Vice President Pence urges USMCA passage during Iowa visit10/10/2019 | Soybean News, Ag Awareness
By Bethany Baratta, ISA senior writer
It’s been 314 days since President Donald Trump, Canadian Prime Minister Justin Trudeau and former Mexican President Enrique Peña Nieto signed the U.S.-Mexico-Canada Agreement (USMCA).
The agreement could be a boost for U.S. agriculture, but it hasn’t been brought to the floor of the House of Representatives. In a visit to the Manning farm near Waukee Wednesday, Vice President Mike Pence said it’s time to get it done.
“I came to Iowa today to turn up the heat,” Pence said. “I came to Iowa today to say it’s time for the Democrats in Congress to do their job, put politics aside, and pass the USMCA this year.”
For farmers like Iowa Soybean Association (ISA) District 9 Director Pat Swanson, the vice president’s visit was reassuring.
“This was an opportunity to hear right from the vice president how important this agreement is to our president and this administration,” said Swanson, from Ottumwa. “It needs to get done—and soon— because we need that assurance that we have a trade agreement in place with our neighbors to sell the products that we are harvesting right now.”
Pence urged those in attendance to reach out to their Democratic Congresspeople—Cindy Axne, Abby Finkenauer and David Loebsack— to reinforce the need for this agreement, which updates the North American Free Trade Agreement (NAFTA) passed in 1994.

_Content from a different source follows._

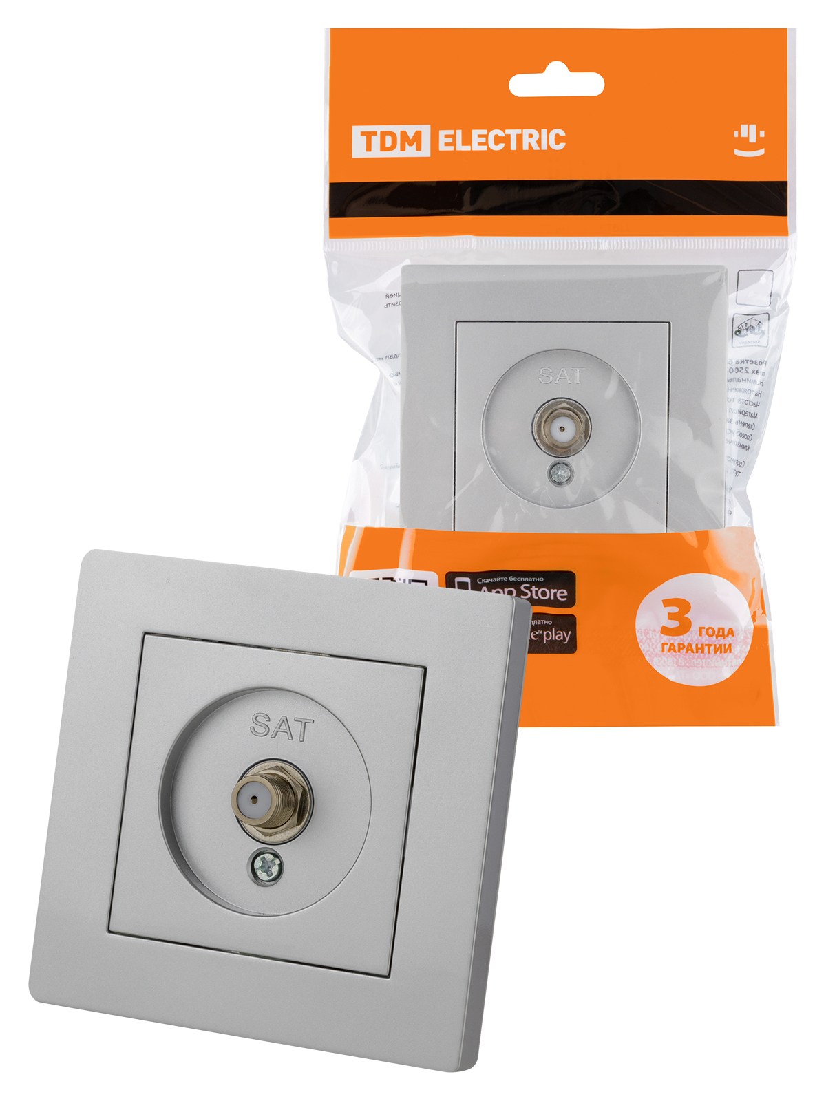 Наименование: Розетка SAT (F-разъем) 0-2400МГц серебр. металлик "Сенеж" TDM

“Tell them, ‘Iowa needs the USMCA,’ ” Pence said.
USMCA would be a win for Iowa. In 2018, Mexico and Canada were Iowa’s two largest trading partners, according to the Office of the United States Trade Representative.
The passage of USMCA means better access to the Canada and Mexico markets.

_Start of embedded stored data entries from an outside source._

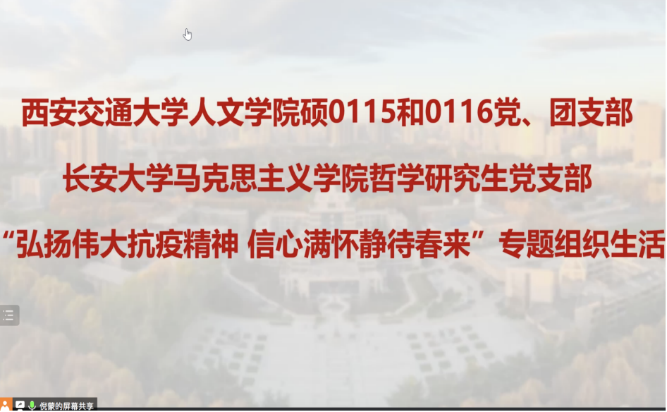 硕0115和0116党、团支部联合长安大学马克思主义学院哲学研究生党支部,开展“弘扬伟大抗疫精神 满怀信心静待春来”专题组织生活,互通有无、互相学习、互相鼓劲,以崭新面貌抗击疫情,总结2020,迎接2021。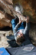 Blue Lizard Climbing and Yoga Hueco Tanks guiding, Kyle, Sam, and Sophie, on December 25, 2016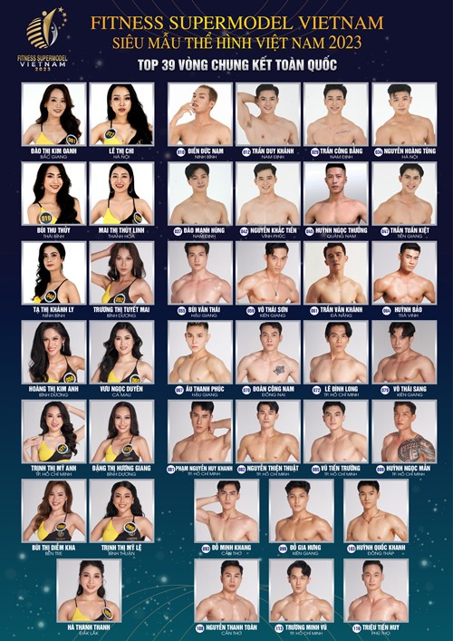Trải qua hơn hai tháng tuyển chọn với hàng trăm hồ sơ đăng ký dự thi đến từ khắp mọi miền đất nước, các thí sinh đến từ 22 tỉnh thành trên toàn quốc đã nô nức quy tụ tại vòng Sơ loại và Bán kết khu vực miền Bắc tại Hà Nội và Bán kết khu vực miền Nam tại TP.HCM. Ban tổ chức cuộc thi Siêu mẫu Thể hình Việt Nam - Fitness Supermodel Vietnam 2023 đã phải làm việc đầy căng thẳng để tuyển chọn ra Top 39 thí sinh Fitness Supermodel Vietnam 2023 xuất sắc nhất toàn quốc.

Jen Sorenson, communications director of Iowa Select Farms, said the company has much to gain with improved markets. Iowa Select Farms is set to produce about 1.5 billion pounds of pork in 2019.

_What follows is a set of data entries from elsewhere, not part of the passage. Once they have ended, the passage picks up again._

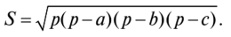 Например, вычислить площадь треугольника по трем сторонам (а,b,с).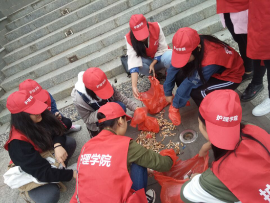 图为学员清理街道烟蒂活动
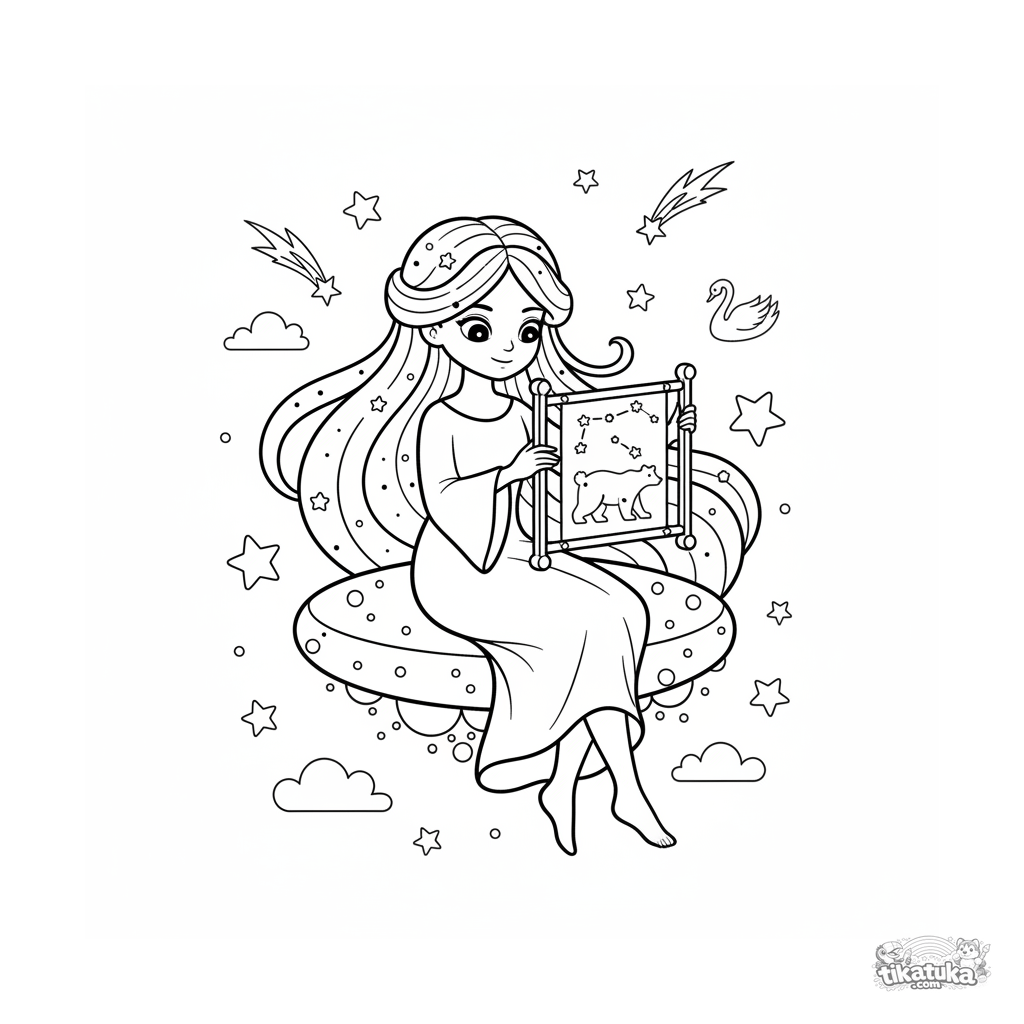 Coloring page for tweens 7-9: a graceful star nymph sitting on a floating platform, weaving a glowing net from strands of starlight to form constellation shapes.

“If you do the rough napkin math, that’s about 180 million pounds of pork that we’ll be exporting to Mexico and Canada, which tells you how important exports are to Iowa and Iowa farmers,” Sorenson said.
U.S. soybean farmers have already witnessed the benefits of trade with Canada and Mexico under the existing NAFTA. Since then, soybean exports have quadrupled to Mexico and doubled to Canada. U.S. soy exports to Canada and Mexico were almost $3 billion in 2017, according to the American Soybean Association (ASA). Mexico is now the second-largest export market for U.S. soybeans and soy meal. A total of $43 billion of U.S. agriculture products are exported to Canada and Mexico every year.
Under the deal, U.S. exports to Canada are expected to increase by 5.9%; exports to Mexico are expected to grow by 6.7%. U.S. food and agriculture exports are expected to increase by $2.2 billion.
“USMCA will create new opportunities for our families, farmers, manufacturers and small businesses while opening new markets for our exports,” Iowa Gov. Kim Reynolds said Wednesday.
U.S. Senators Chuck Grassley (R-Iowa) and Joni Ernst (R-Iowa) also joined Pence in support of the USMCA.
“I say it’s time for Congress to pass USMCA,” Ernst said. “This is not about politics. This is about the livelihood of Americans … Americans, Iowans want USMCA. I am going to fight to make sure we get it over the finish line.”
Grassley said passage of the USMCA is his top priority. In speaking with Speaker Pelosi about the agreement, he believes she wants to ‘get to yes’ on the deal.
“And I was glad to hear her say that impeachment politics won’t get in the way of legislative action,” Grassley said. “I hope that is true. But the clock is ticking, and actions will speak louder than words.”